GTA 4 : Attention danger. Il n’y a que Freud pour ne pas s’inquiéter ?
Je n’apprendrais pas ça à grand monde, je pense. GTA 4 est sortie. Oui, le 4 ème opus de cette saga scandaleuse, où tout est permis. Sonnette d’alarme : “les joueurs vont devenir des psychopathes, ah la la il manquait plus que ça !”. Mais pourquoi donc jouer aux psychopathes ?
Je pense qu’il est temps de revenir dans le passé en 1905 ou 1906 où un certain Sigmund Freud avait écrit “Personnages psychopathiques à la scène” (in résultats, idées, problèmes I, PUF). Texte de quelques pages où Freud part du constat que les personnages des grandes tragédies grecques seraient considérés comme très atteints et dangereux. En effet, les personnages de jeux vidéos sont des petits joueurs (sans mauvais jeu de mot… Et pourtant si) à coté d’un Oreste ou encore d’un Œdipe.
petit extrait:
“Le fait pour l’adulte de participer par le regard au jeu du théâtre a la même fonction que le jeu pour l’enfant, dont l’espoir tâtonnant de pouvoir s’égaler à l’adulte se trouve ainsi satisfait. Le spectateur vit trop peu de choses, il se sent comme un “un misérable à qui rien de grand ne peut arriver”, il a dû depuis longtemps étouffer, mieux déplacer son ambition d’être en tant que moi au centre des rouages de l’univers, il veut sentir, agir, tout modeler selon son désir, bref être un héros, et les acteurs-poêtes du théatre le lui rendent possible en lui permettant l’identification avec un héros. En la circonstance ils lui épargnent aussi quelques chose, car le spectateur sait bien qu’une telle activation de sa personne dans l’héroîsme n’est pas possible sans douleurs, souffrances ni pénibles appréhensions qui suppriment presque la jouissance; il sait aussi qu’il n’a qu’une vie et que peut-être il succombera dans un tel combat contre les résistances. Aussi sa jouissance présuppose-t-elle l’illusion, c’est à dire l’adoucissement de la souffrance par l’assurance que premièrement c’est un autre qui agit et souffre [...], et que deuxièmement ce n’est finalement qu’un jeu [...], céder impunément à des motions réprimés.”

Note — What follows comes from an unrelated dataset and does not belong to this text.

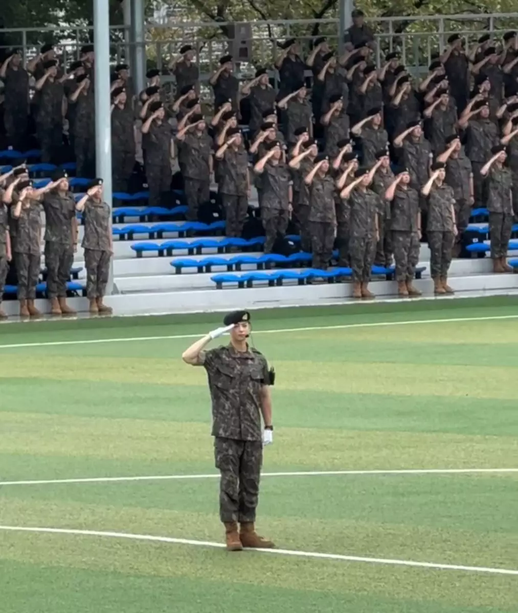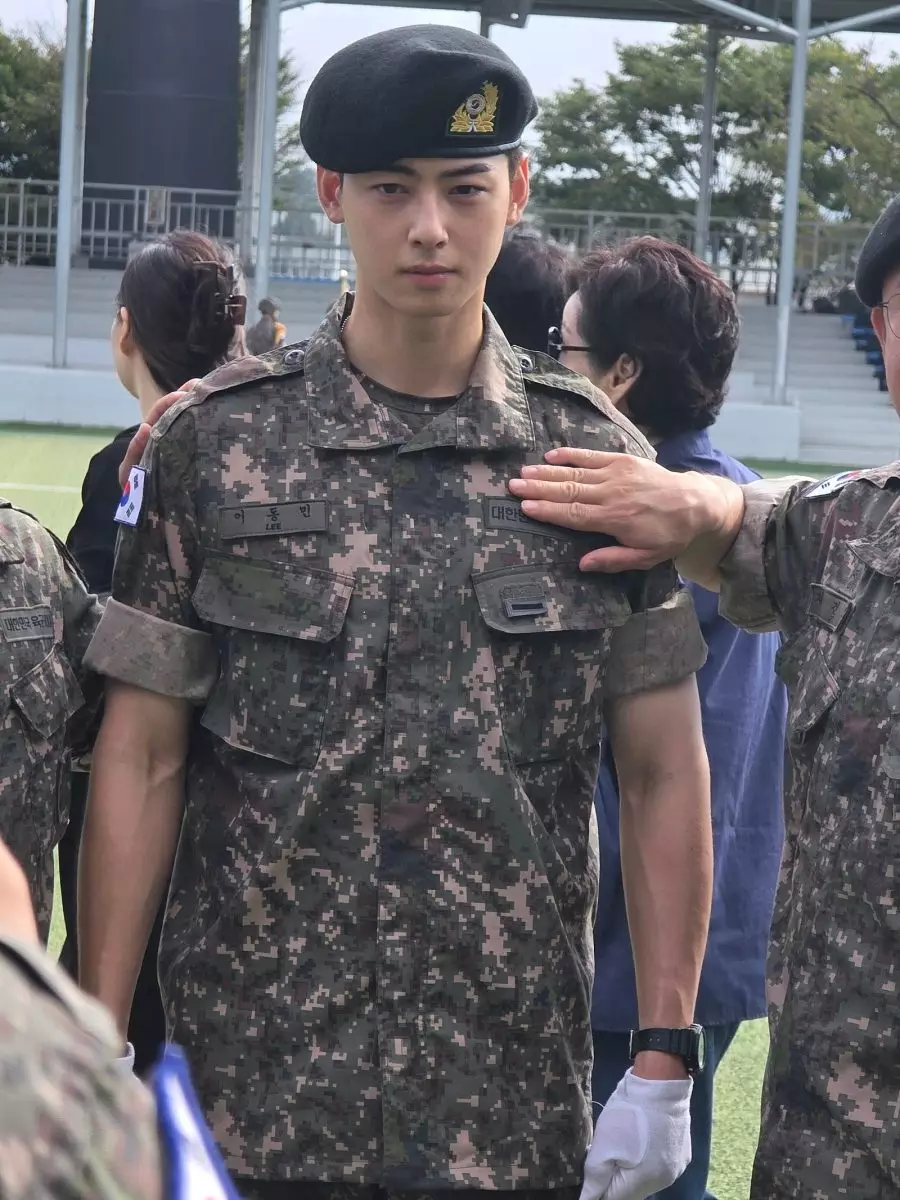 韓國人氣男星車銀優(本名:李東敏)於9月2日在忠南論山陸軍訓練所迎來訓練兵結業式,以一身迷彩軍裝、頭戴黑色貝雷帽的筆挺軍姿現身,展現十足軍人風範。雖然素顏臉龐略顯圓潤,但依舊難掩其精緻五官與明星光環,現場照片曝光後迅速引發網友熱議,紛紛直呼:「這根本是電影場景!」

S. Freud, “Personnages psychopathiques à la scène” (1906), trad. J. Altounian, A. Bourguignon, P. Cotet, A. Rauzy, in Résultats, idées, problèmes, I, Paris, Presses Universitaires de France, 1984.
On pourrait rétorquer, comme le fait naïvement certains, que dans les jeux vidéos on agit. Oui c’est certains, l’acteur aussi agit, d’ailleurs il est celui qui fait acte, qui joue le personnage, s’y identifie, se met à sa place, le travaille etc. Antony Hopkins a-til mangé des hommes parce qu’il a incarné Hannibal Lecter ?
Si le joueur prend du plaisir à tout casser dans le jeu, c’est bien parce qu’il se l’interdirait dans la réalité : le névrosé est comme ça, il jouie dans le déplacement. Laissons donc ces petits moments où l’on peut berner notre moralité.